A ball of mass m is attached to a light string of length l. ******* PHYSICS?
A ball of mass m is attached to a light string of length l. The ball is held with the string horizontal as shown in the diagram below. Then, the ball is released. What is the tension in the string when the ball is at its lowest point?
DAMNT IT THIS QUESTION PISSES ME OFF IDK WHY I JUST DONT GET IT
ISNT IT T - MG = MA?
T= M(G + A)
TENSION IS POSITIVE IN THE CENTER AND WEIGHT IS GOING DOWN
- JánošíkLv 78 years agoFavorite Answer
At its release point, the ball is a distance L higher than its lowest point.
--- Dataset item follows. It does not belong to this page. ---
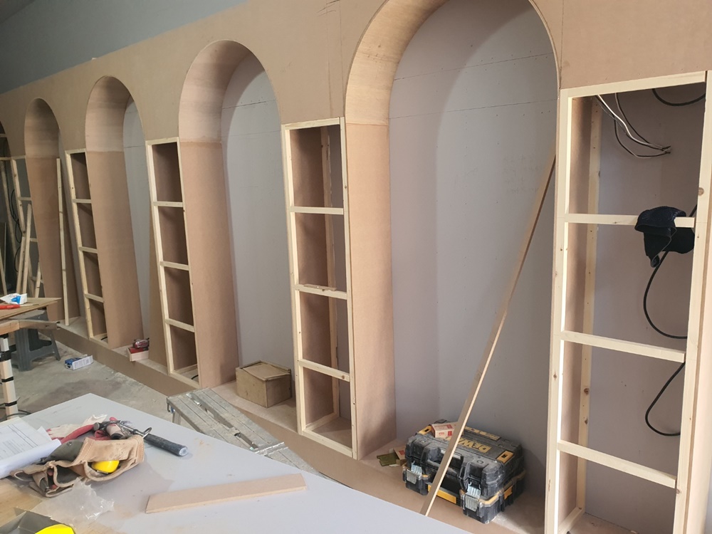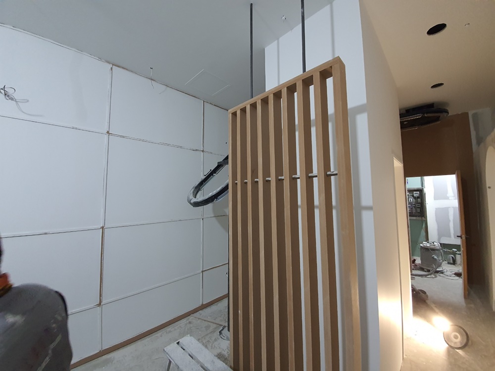 공사가 시작되면 기존 시설물과 불필요한 구조물은 철거를 하고 천장 배선, 배관, 공조, 소방 등의 시설을 점검하고 정리한 후 목공 작업을 진행하게 됩니다. 목공 작업에는 레이아웃에 맞춰 구조를 나누는 작업과 공간에 멋을 주는 치장을 하는 작업이 있습니다. 벽면에 빌트인으로 설치하는 가구나 아트월, 조형물 등은 치장 작업에 속하는데요, 이런 모든 작업은 안전 시공이 중요하기 때문에 베테랑 전문인력과 함께 공사를 진행하고 있습니다.

The potential energy at its point of release is:
Ep = m × g × L
At its lowest point, that energy in converted to kinetic energy, so the velocity of the ball is:
m × v² / 2 = m × g × L
v² / 2 = g × L
v² = 2 × g × L
v = √(2 × g × L)
The centripetal acceleration at that point is
Ac = v² / L
Ac = (2 × g × L) / L
Ac = 2 × g
The total acceleration at that point is the centripetal acceleration plus the acceleration by gravity, so
a = 2×g + g
a = 3×g
and the tension in the rope is
T = m × a
T = m × 3×g
T = 3mg
- Anonymous8 years ago
2)Then specify each force: F t -F g =ma 3)move around: F t =ma+F g (or you can make in mg at this point)
4)Simplify:F t =m(a+g)
As for the answer, idk, without numbers for mass or length.